Improvement of tissue preparation for laser capture microdissection: application for cell type-specific miRNA expression profiling in colorectal tumors
- Equal contributors
1 Department of Pathology, Shanghai Medical College, Fudan University, 138 Yi Xue Yuan Road, Shanghai 200032, PR China
2 Department of Healthcare, Philips Research Asia - Shanghai, No 10, Lane 888, Tian Lin Road, Shanghai 200233, PR China
3 Division of Surgical Pathology, Huashan Hospital, Fudan University, 12 middle-Wulumuqi Road, Shanghai 200040, PR China
4 Research Center for Pathology, Institute of Biomedical Sciences, Fudan University, 138 Yi Xue Yuan Road, Shanghai 200032, PR China
BMC Genomics 2010, 11:163 doi:10.1186/1471-2164-11-163Published: 10 March 2010
Laser capture microdissection (LCM) has successfully isolated pure cell populations from tissue sections and the combination of LCM with standard genomic and proteomic methods has revolutionized molecular analysis of complex tissue. However, the quantity and quality of material recovered after LCM is often still limited for analysis by using whole genomic and proteomic approaches. To procure high quality and quantity of RNA after LCM, we optimized the procedures on tissue preparations and applied the approach for cell type-specific miRNA expression profiling in colorectal tumors.
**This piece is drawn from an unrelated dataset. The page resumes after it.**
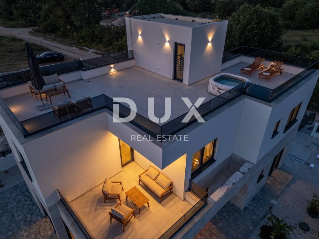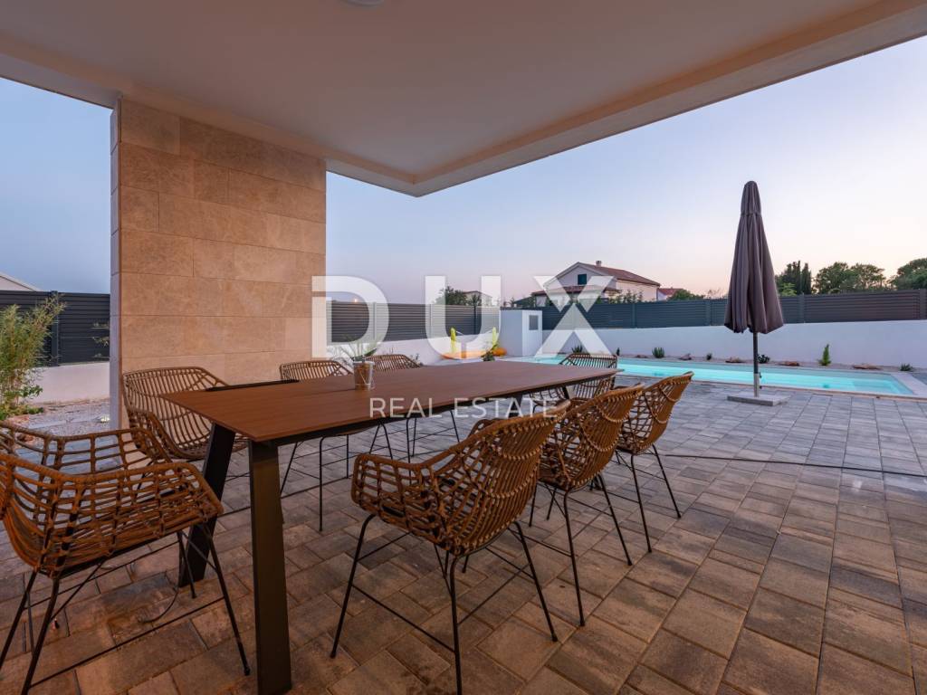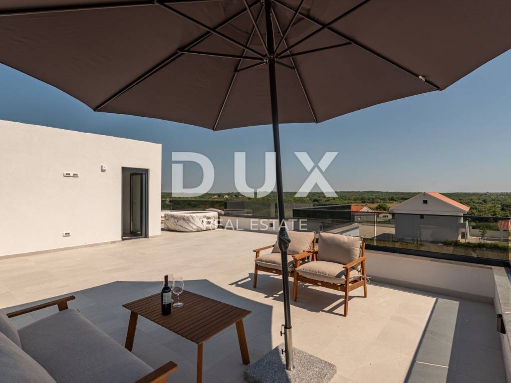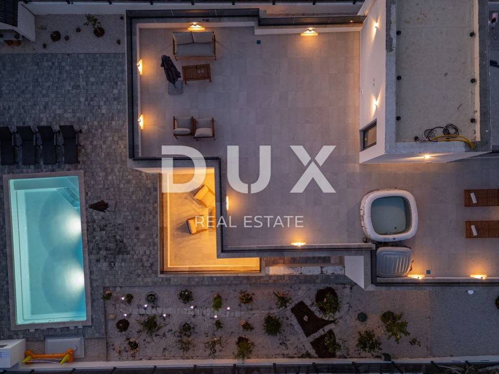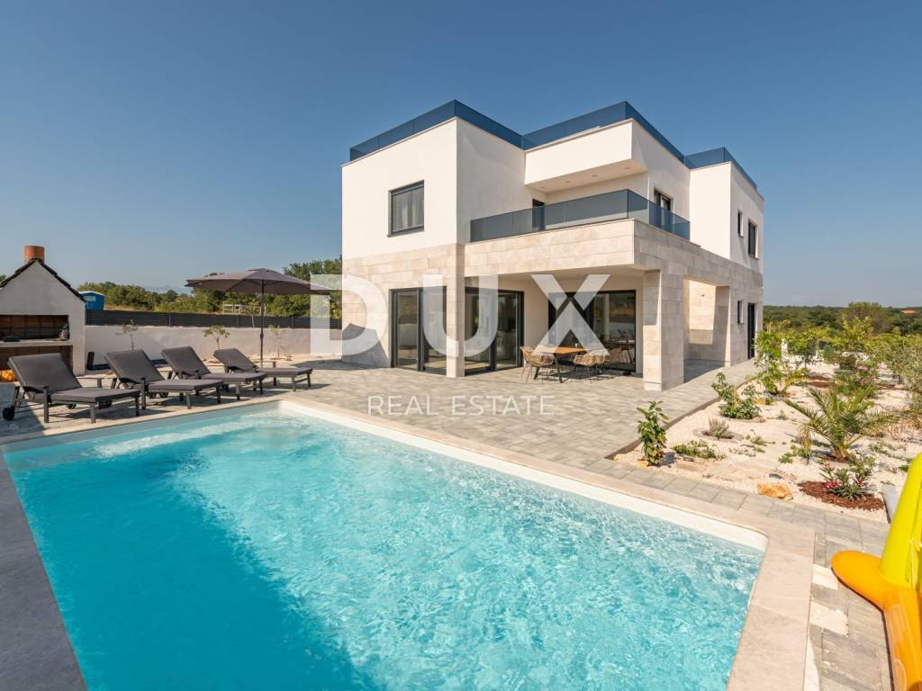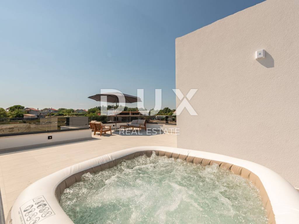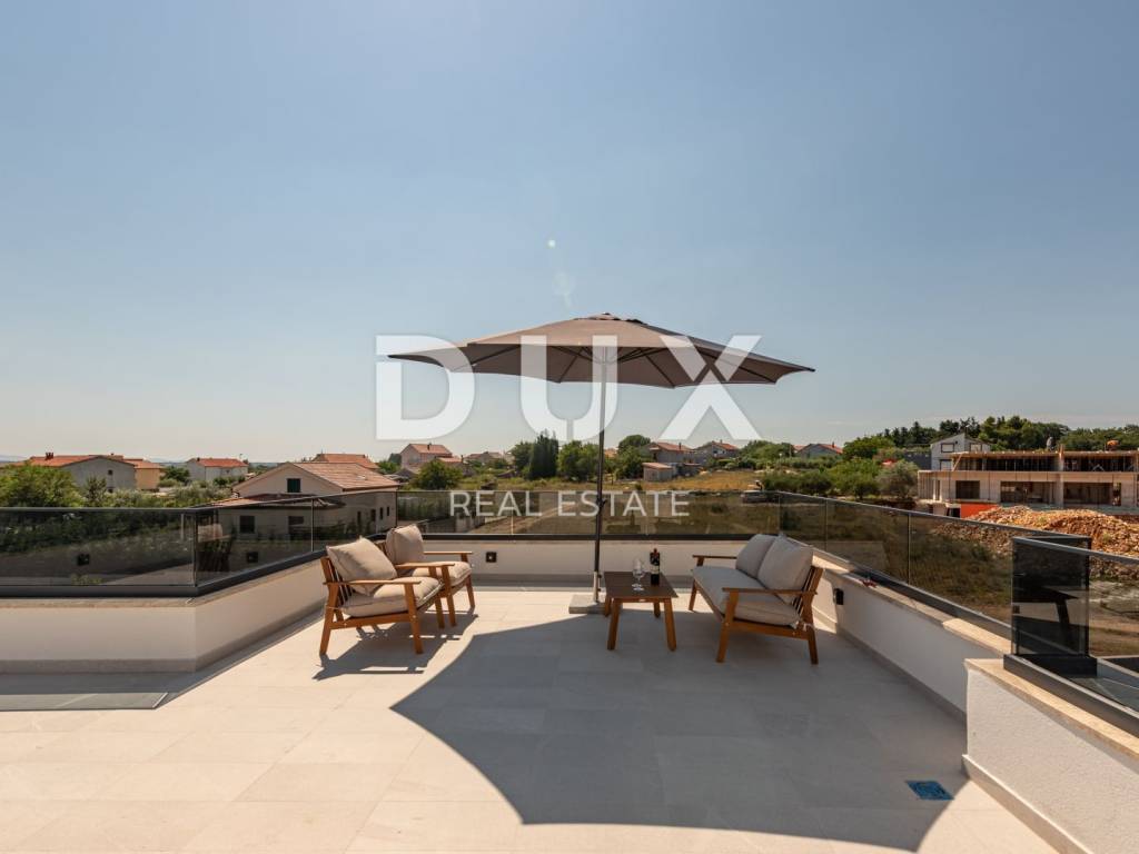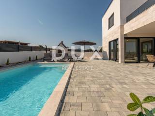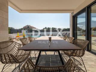 Zum Verkauf steht eine Luxusvilla in Zadar in ruhiger Lage. Das Haus hat eine Gesamtfläche von 260,00 m2. Im Erdgeschoss des Hauses befinden sich ein Wohnzimmer, eine Küche, ein Fitnessraum und eine Terrasse mit einem 30 m2 großen Hydromassagepool. Eine Innentreppe führt in den ersten Stock, wo sich vier Schlafzimmer, zwei Badezimmer, eine Waschküche und eine Terrasse befinden. Die Villa verfügt über eine Dachterrasse mit Whirlpool und Pergola. Das Haus wurde in hoher Qualität gebaut, die Fenster und Türen sind aus Aluminium mit dreifacher Wärmedämmung, Heizung und Kühlung erfolgen mit Hilfe einer Wärmepumpe. Es wird komplett möbliert und ausgestattet verkauft. Das Anwesen befindet sich in äußerst attraktiver Lage in einem ruhigen Teil von Zadar. Zadar ist das Zentrum der Gespanschaft Zadar, die zweitgrößte Stadt Dalmatiens und die fünftgrößte Stadt des Landes. Sie ist durch eine internationale Fährlinie mit der italienischen Stadt Ancona verbunden. Der Flughafen Zadar befindet sich in Zemunik, 10 km östlich der Stadt.

We found that the ethanol fixation of tissue sections for 2 hours had the maximum improvement of RNA quality (1.8 fold, p = 0.0014) and quantity (1.5 fold, p = 0.066). Overall, the quality (RNA integrity number, RIN) for the microdissected colorectal tissues was 5.2 ± 1.5 (average ± SD) for normal (n = 43), 5.7 ± 1.1 for adenomas (n = 14) and 7.2 ± 1.2 for carcinomas (n = 44). We then compared miRNA expression profiles of 18 colorectal tissues (6 normal, 6 adenomas and 6 carcinomas) between LCM selected epithelial cells versus stromal cells using Agilent miRNA microarrays. We identified 51 differentially expressed miRNAs (p <= 0.001) between these two cell types. We found that the miRNAs in the epithelial cells could differentiate adenomas from normal and carcinomas. However, the miRNAs in the stromal and mixed cells could not separate adenomas from normal tissues. Finally, we applied quantitative RT-PCR to cross-verify the expression patterns of 7 different miRNAs using 8 LCM-selected epithelial cells and found the excellent correlation of the fold changes between the two platforms (R = 0.996).
Our study demonstrates the feasibility and potential power of discovering cell type-specific miRNA biomarkers in complex tissue using combination of LCM with genome-wide miRNA analysis.